The Police Department had said
that it was waiting for the results of the federal investigation before
proceeding with its own actions with regard to Mr. Garner’s death. But police
officials were forced to initiate disciplinary proceedings against Sergeant
Adonis because of an 18-month statute of limitations dictated by the state’s
Civil Service law, said Stephen Davis, the department’s chief spokesman. Mr.
Davis said the department had filed the internal charges after consulting with
the United States attorney’s office for the Eastern District of New York.
The statute does not apply to
Officer Pantaleo, Mr. Davis said, because federal authorities were reviewing
his conduct and a “criminal aspect exception applies.” The department has
completed its internal inquiry into Officer Pantaleo, he said.
Sergeant Adonis, 38, joined the
Police Department in 2002. She was assigned to the 120th Precinct on the North
Shore of Staten Island at the time of the confrontation with Mr. Garner, on
July 17, 2014, in the Tompkinsville neighborhood. She had been promoted to
sergeant less than a month earlier, on June 25. Her yearlong probation was
extended by six months last year.
On Friday, she was placed on
modified duty, stripped of her gun and badge, and barred from doing street
enforcement, Mr. Davis said.
Portions of the officers’
encounter with Mr. Garner were caught on video. That footage showed Sergeant
Adonis entering the frame as Officer Pantaleo and his colleagues pressed Mr.
Garner onto the sidewalk after taking him to the ground. A second sergeant,
Dhanan Saminath, arrived, though it is not clear when. He was the anticrime
team supervisor.
The encounter occurred on Bay
Street, outside Bay Beauty Supply. The store manager said he heard the female
sergeant say to the officers, “Let up, you got him already.” An officer looked
up but did not let go, the manager said.
At a news conference on Friday,
Sergeant Adonis stood silently with Edward D. Mullins, the head of the
sergeants’ union, as he criticized Police Commissioner William J. Bratton,
calling the charges “political pandering” at the expense of an officer with an
“unblemished record.”
In an interview earlier in the
day, Mr.
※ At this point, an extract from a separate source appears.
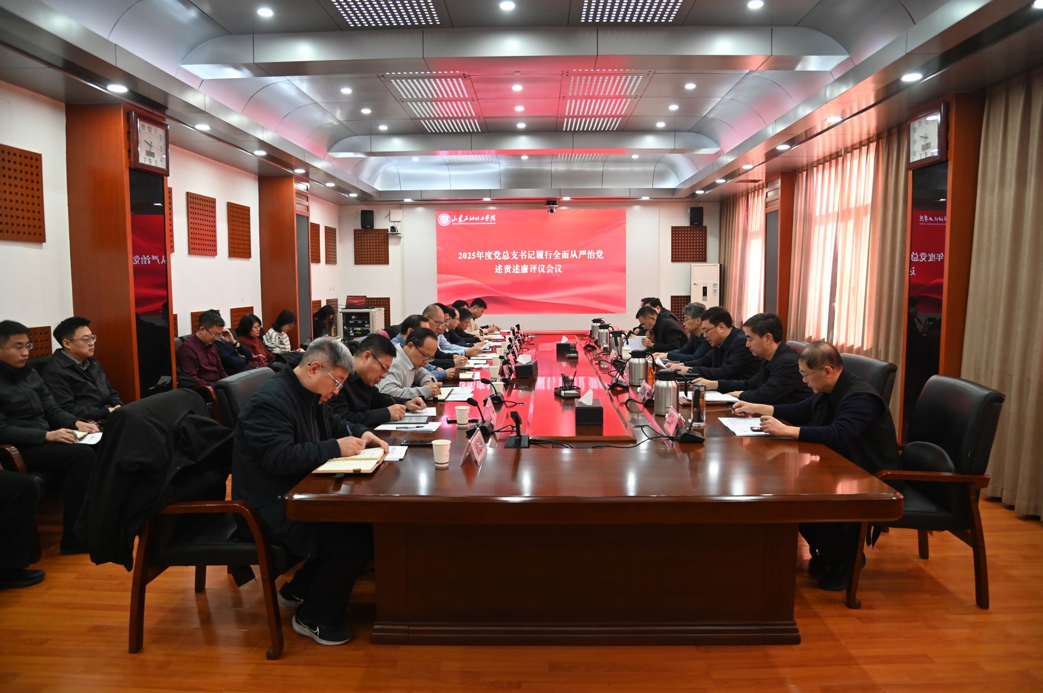 1月15日,学校召开2025年度党总支书记全面从严治党述责述廉评议会议。党委书记孟晓雷作点评讲话,党委副书记马洪军主持会议。学校党委领导班子成员出席会议,各党总支书记、副书记,有关职能部门负责同志和专职组织员参加会议。
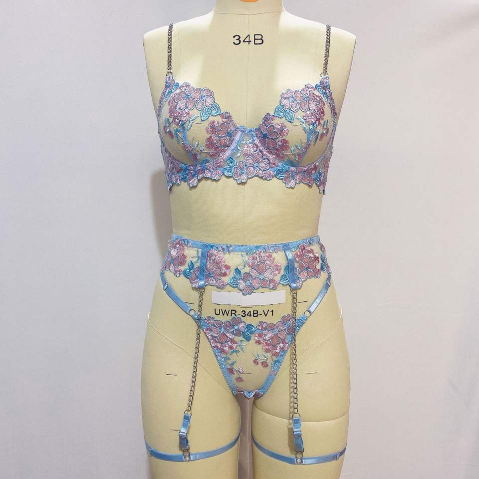 Ensemble de Lingerie Sexy de Luxe avec Broderie Florale, Soutien-gorge à Chaîne Métallique, Culotte et Jarretelles, Dentelle Sensuelle, Sous-vêtements Push-up, Lingerie Intime

Mullins said: “Commissioner Bratton bears the full responsibility for
what occurred on Staten Island in the Garner case. He was the commissioner in
charge of a policy, a failed policy, that should never have been. And that
policy being the enforcement of untaxed cigarettes. And if anyone should be put
on modified assignment, it should be him.”
Mr. Mullins said the charges
against Sergeant Adonis were four counts of “failure to supervise” the
situation.
“We don’t hear about the duty
captain,” added Mr. Mullins, who said Sergeant Adonis was assigned to be at a
meeting, not on patrol, and responded at her own initiative, at the time of the
confrontation. “We don’t hear about a borough commander, a zone commander.”
As a practical matter, the
internal case against Sergeant Adonis will be delayed until the federal inquiry
is complete. While the deadline for filing internal charges against other
officers has not passed, Mr. Davis said that none beyond Sergeant Adonis were
“subject to department charges in connection with this at this point.”
Ultimately, a departmental judge
will make a recommendation to Mr. Bratton about how to address the sergeant’s
actions. Punishment could involve termination. As commissioner, Mr. Bratton is
the final arbiter.
In November, the state’s highest
court declined to order the release of transcripts from the grand jury that
considered evidence in the death of Mr. Garner.
Christopher T. Dunn, associate
legal director of the New York Civil Liberties Union, one of the groups that
sought the transcripts, questioned why the federal inquiry was still open. The
matter, he said, is “not a tough call under the federal statute.”
“This is fine and good, but the
much bigger issue is what is happening with Officer Pantaleo,” he said. “There
is ample basis for a federal prosecution, and we see no reason why the Justice
Department needs more time to decide whether to proceed.”
The Justice Department opened its
investigation in December 2014, and it is not unusual for such inquiries to
stretch past a year. Federal law enforcement officials in New York and
Washington said the investigation remained active.